Process dumper (lets call it "dumper") does the following steps during
checkpoint stage
- A $pid of a process group leader is obtained from the command line.
- By using this $pid the dumper walks though /proc/$pid/status and gathers
children $pid's recursively. At the end we will have a complete process tree.
- Then it takes every $pid from a process tree, sends SIGSTOP to the every process
found and performs the following steps on each $pid
- Collects VMA areas by parsing /proc/$pid/maps.
- Seizes a task via relatively new ptrace interface. Seizing a task means to
put it into a special state when the task have no idea if it's being operated
by the ptrace.
- Core parameters of a task (such as registers and friends) are being dumped via
ptrace interface and parsing the /proc/$pid/stat entry.
- The dumper injects a parasite code into a task via ptrace interface. This allows
us to dump pages of a task right from within the task's address space.

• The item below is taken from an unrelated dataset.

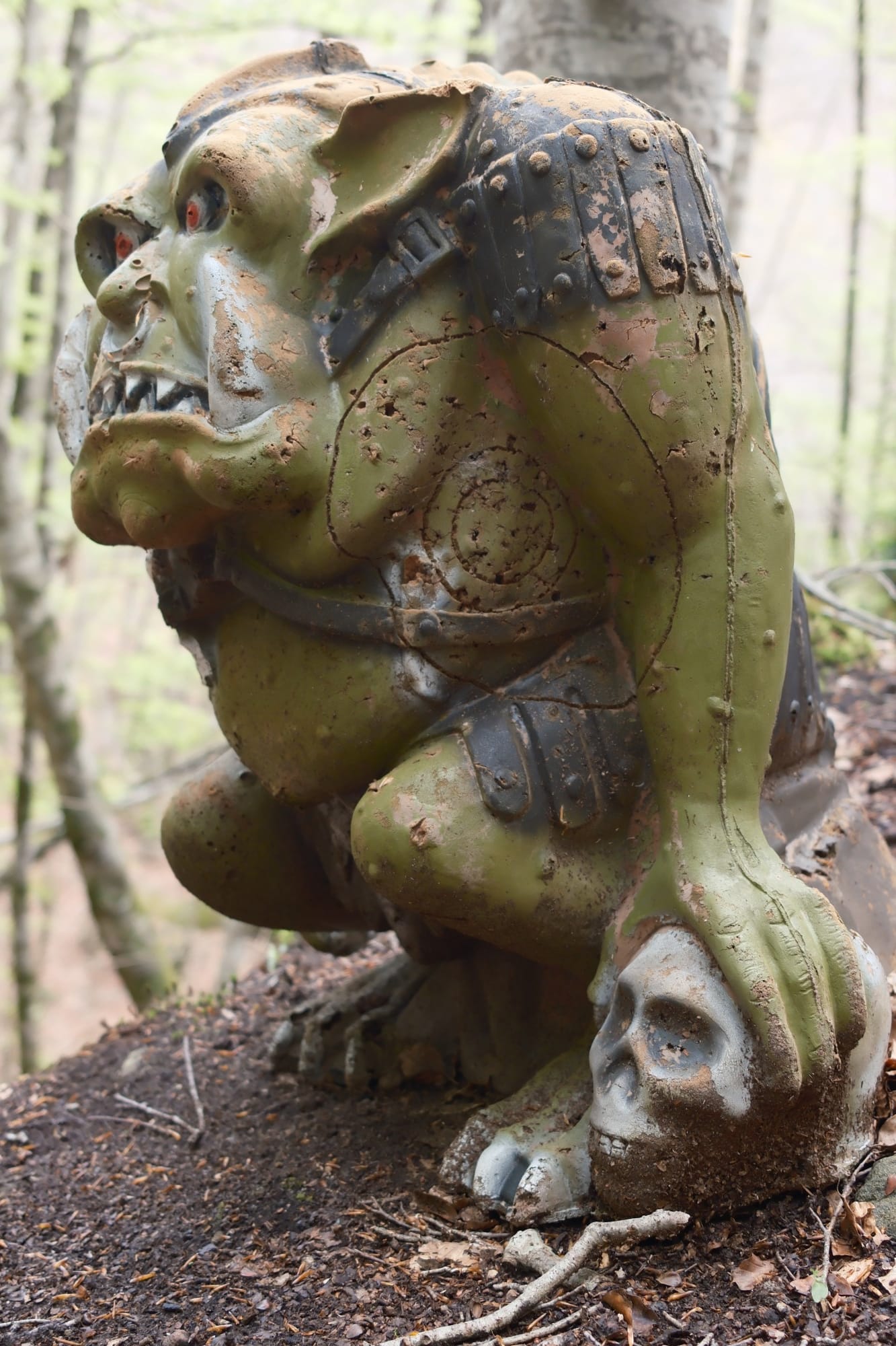 En este hayedo donde apenas se puede ver el cielo por entre las copas de los árboles, hay una recorrido de 24 propuestas muy originales que aprovechan al máximo la orografía del terreno. Tras pagar en un buzón semiescondido a la entrada del recorrido y saludar a la cámara de seguridad que vigila a quienes deciden adentrarse, nos fundimos con paseo que zigzagueaba arriba y abajo durante un par de kilómetros antes de retornar paralelo a la carretera y al Riera de l'Om, que llevaba algo de agua.

An injection procedure is pretty simple one
- The dumper scans executable VMA areas of a task (which were previously collected)
and tests if there a place for a few instructions.
- Then (by ptrace as well) it substitutes an original code with new instructions
and creates a new VMA area inside process address space.
- Finally parasite code get copied into the new VMA and the former code which was
being modified during the parasite bootstrap procedure -- restored.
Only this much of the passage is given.